Explain Codes LogoExplain Codes Logo

Update or Insert (multiple rows and columns) from subquery in PostgreSQL

sql
subqueries
upsert
performance
Alex KataevbyAlex Kataev·Nov 11, 2024
TLDR

When it comes to PostgreSQL, you can upsert data using the INSERT and ON CONFLICT clauses. Here's the typical SQL pattern for upserting:

INSERT INTO target_table (column_list) SELECT data_to_insert FROM source_data ON CONFLICT (conflict_columns) DO UPDATE SET column_to_update = EXCLUDED.column_to_update;

Tweak this template to fit your context:

  • Substitute target_table with your actual table name.
  • column_list represents the list of columns involved in your insert or update operation.
  • source_data denotes the subquery or table providing the new data.
  • conflict_columns identify unique rows, often equating to the primary key.
  • column_to_update: The column to be updated in the event of a conflict.

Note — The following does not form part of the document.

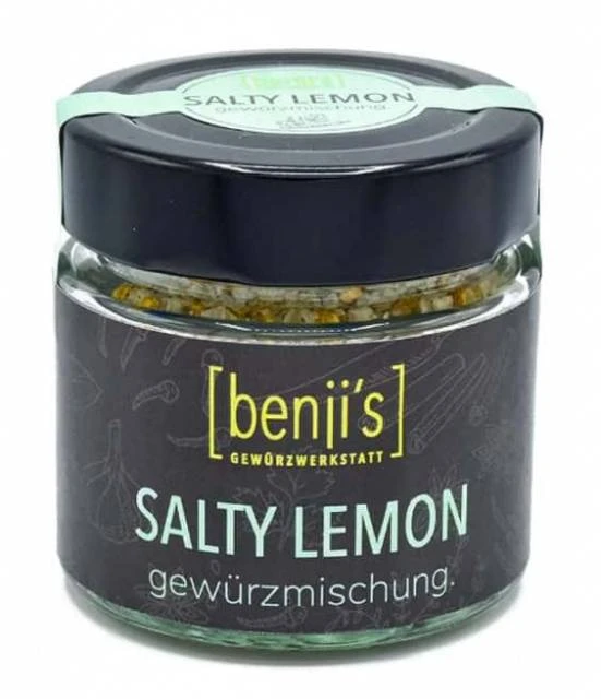 Salty lemon Gewürzmischung von Benjis Gewürzwerkstatt ist eine hochwertige Mischung aus Indischen Sonnenflocken (Salz) und Zitrone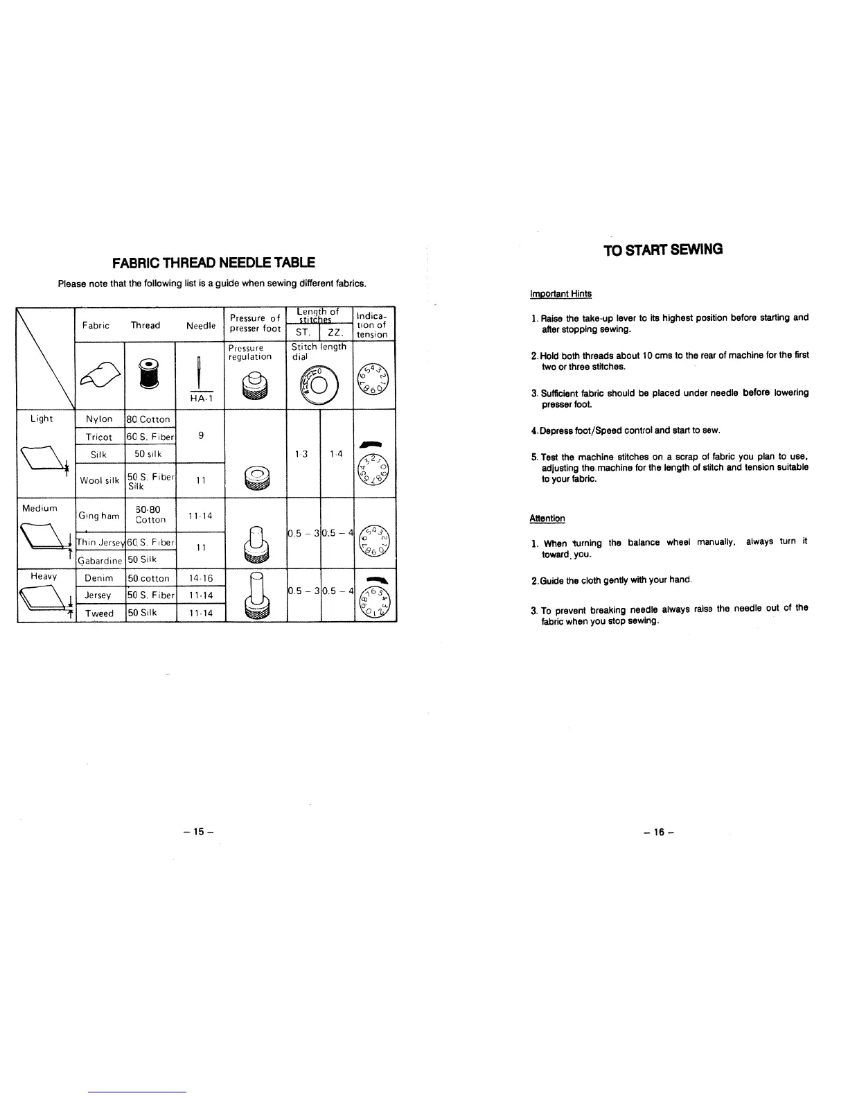Pfaff Hobby 1010 - Fabric Thread Needle Table; To Start Sewing

Impressively, the DO UPDATE SET part ensures existing rows receive new values. EXCLUDED is used to point to the row that would have been inserted barring any duplication.

Deep dive into the upsert operation

The term "upsert" cleverly combines "update" and "insert". Essentially, it checks for the existence of a row. If found, it performs an update; if not, it inserts a new row. PostgreSQL carries out this dual functionality in a single SQL statement. Notably, the efficiency in this approach lies in condensing two potential operations into one, thereby saving resources and execution time.

Mastering complex subqueries

In handling subqueries that veer towards the complex end of the spectrum:

  • Always use an alias for your subquery as a fail-proof way to make referencing it in INSERT statements simpler.
  • Double-check data types and column matches—mismatched data types between main table and subquery are a common source of errors.
  • Be precise with your join conditions within the subquery to prevent undesirable data updates.

Using temporary tables to enhance performance

When dealing with intense data manipulation (large datasets or complex joins, for instance), resource usage can skyrocket. Creating a temporary table can give a much-needed boost to your upsert operation's performance. This temporary table should contain the outcome of your intricate operations, resulting in a smoother insert or update process:

CREATE TEMP TABLE tmp_subquery AS SELECT complex_operation_result FROM some_large_dataset; INSERT INTO target_table (column_list) SELECT * FROM tmp_subquery ON CONFLICT (conflict_columns) DO UPDATE SET column_to_update = EXCLUDED.column_to_update; DROP TABLE tmp_subquery; -- clean-up time: don't leave your toys out!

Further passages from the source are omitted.